• [Problem statement]:
Your job is to set down the stretch of entries that opens with the line containing "建筑面积:70平米,实得面积76平米" and closes with the line containing "Оракул говорит: Иногда". Keep both end lines, copy each exactly, and add nothing.

Source records:
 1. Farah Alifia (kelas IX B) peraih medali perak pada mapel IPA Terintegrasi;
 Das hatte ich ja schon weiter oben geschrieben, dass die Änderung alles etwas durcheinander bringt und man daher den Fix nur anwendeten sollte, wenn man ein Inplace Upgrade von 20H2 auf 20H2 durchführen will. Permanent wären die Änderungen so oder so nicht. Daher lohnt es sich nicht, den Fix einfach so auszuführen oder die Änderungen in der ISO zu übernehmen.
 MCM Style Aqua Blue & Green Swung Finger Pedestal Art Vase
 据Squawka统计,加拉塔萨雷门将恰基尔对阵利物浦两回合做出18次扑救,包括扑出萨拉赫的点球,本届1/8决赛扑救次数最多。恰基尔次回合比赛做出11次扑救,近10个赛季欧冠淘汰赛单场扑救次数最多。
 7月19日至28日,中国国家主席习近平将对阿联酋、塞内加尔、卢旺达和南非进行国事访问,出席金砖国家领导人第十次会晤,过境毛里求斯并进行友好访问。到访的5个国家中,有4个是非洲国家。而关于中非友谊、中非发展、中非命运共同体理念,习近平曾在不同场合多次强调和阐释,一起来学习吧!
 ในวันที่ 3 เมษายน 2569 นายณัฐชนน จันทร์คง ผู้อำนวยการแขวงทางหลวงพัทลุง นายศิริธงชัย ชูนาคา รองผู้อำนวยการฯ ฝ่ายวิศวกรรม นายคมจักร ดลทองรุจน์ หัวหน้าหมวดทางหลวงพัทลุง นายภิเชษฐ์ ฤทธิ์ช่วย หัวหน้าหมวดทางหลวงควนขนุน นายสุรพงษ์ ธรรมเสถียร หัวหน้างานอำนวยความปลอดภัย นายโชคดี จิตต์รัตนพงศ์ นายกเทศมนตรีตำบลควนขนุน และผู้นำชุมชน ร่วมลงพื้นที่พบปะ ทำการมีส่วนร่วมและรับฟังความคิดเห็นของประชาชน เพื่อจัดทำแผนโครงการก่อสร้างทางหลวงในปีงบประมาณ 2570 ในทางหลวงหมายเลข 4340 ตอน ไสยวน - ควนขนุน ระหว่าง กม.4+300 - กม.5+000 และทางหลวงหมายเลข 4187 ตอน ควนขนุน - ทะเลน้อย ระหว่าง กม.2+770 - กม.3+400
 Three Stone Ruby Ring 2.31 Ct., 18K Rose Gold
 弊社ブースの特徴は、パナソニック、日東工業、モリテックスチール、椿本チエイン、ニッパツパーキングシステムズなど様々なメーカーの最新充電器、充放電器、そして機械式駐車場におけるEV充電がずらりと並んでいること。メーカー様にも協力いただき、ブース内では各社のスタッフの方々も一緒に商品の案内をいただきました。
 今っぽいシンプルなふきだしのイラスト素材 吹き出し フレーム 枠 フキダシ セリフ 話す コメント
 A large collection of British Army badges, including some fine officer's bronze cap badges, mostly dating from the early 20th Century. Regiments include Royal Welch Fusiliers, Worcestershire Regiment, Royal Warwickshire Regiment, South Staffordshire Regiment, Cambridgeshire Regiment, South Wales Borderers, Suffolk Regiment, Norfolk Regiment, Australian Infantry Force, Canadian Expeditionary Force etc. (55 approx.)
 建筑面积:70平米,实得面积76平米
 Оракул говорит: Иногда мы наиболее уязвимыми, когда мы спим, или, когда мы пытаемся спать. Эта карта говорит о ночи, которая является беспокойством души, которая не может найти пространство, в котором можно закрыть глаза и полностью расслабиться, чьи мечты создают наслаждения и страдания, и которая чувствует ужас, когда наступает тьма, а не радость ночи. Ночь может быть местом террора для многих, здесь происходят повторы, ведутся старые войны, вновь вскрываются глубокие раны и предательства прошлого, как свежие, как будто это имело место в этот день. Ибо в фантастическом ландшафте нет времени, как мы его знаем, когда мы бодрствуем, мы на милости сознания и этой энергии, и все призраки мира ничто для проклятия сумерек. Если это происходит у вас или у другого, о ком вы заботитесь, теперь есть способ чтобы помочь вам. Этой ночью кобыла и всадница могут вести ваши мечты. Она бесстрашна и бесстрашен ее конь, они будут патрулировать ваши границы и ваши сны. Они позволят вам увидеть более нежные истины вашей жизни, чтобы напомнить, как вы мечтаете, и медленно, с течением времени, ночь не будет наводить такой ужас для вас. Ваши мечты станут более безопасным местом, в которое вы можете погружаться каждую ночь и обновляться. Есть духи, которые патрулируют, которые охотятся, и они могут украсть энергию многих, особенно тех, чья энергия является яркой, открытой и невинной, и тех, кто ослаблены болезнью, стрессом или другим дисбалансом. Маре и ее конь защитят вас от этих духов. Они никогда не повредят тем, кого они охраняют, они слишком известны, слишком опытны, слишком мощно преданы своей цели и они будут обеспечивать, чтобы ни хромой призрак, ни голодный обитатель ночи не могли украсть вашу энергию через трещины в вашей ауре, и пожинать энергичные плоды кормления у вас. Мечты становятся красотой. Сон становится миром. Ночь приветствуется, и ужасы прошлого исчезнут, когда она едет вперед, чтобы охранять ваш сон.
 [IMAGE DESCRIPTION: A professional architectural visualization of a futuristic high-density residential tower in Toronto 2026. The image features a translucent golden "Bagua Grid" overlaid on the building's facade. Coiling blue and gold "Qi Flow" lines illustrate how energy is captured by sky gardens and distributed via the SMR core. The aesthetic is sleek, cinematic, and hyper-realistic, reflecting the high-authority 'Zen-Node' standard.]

• [Completed exercise]:
 建筑面积:70平米,实得面积76平米
 Оракул говорит: Иногда мы наиболее уязвимыми, когда мы спим, или, когда мы пытаемся спать. Эта карта говорит о ночи, которая является беспокойством души, которая не может найти пространство, в котором можно закрыть глаза и полностью расслабиться, чьи мечты создают наслаждения и страдания, и которая чувствует ужас, когда наступает тьма, а не радость ночи. Ночь может быть местом террора для многих, здесь происходят повторы, ведутся старые войны, вновь вскрываются глубокие раны и предательства прошлого, как свежие, как будто это имело место в этот день. Ибо в фантастическом ландшафте нет времени, как мы его знаем, когда мы бодрствуем, мы на милости сознания и этой энергии, и все призраки мира ничто для проклятия сумерек. Если это происходит у вас или у другого, о ком вы заботитесь, теперь есть способ чтобы помочь вам. Этой ночью кобыла и всадница могут вести ваши мечты. Она бесстрашна и бесстрашен ее конь, они будут патрулировать ваши границы и ваши сны. Они позволят вам увидеть более нежные истины вашей жизни, чтобы напомнить, как вы мечтаете, и медленно, с течением времени, ночь не будет наводить такой ужас для вас. Ваши мечты станут более безопасным местом, в которое вы можете погружаться каждую ночь и обновляться. Есть духи, которые патрулируют, которые охотятся, и они могут украсть энергию многих, особенно тех, чья энергия является яркой, открытой и невинной, и тех, кто ослаблены болезнью, стрессом или другим дисбалансом. Маре и ее конь защитят вас от этих духов. Они никогда не повредят тем, кого они охраняют, они слишком известны, слишком опытны, слишком мощно преданы своей цели и они будут обеспечивать, чтобы ни хромой призрак, ни голодный обитатель ночи не могли украсть вашу энергию через трещины в вашей ауре, и пожинать энергичные плоды кормления у вас. Мечты становятся красотой. Сон становится миром. Ночь приветствуется, и ужасы прошлого исчезнут, когда она едет вперед, чтобы охранять ваш сон.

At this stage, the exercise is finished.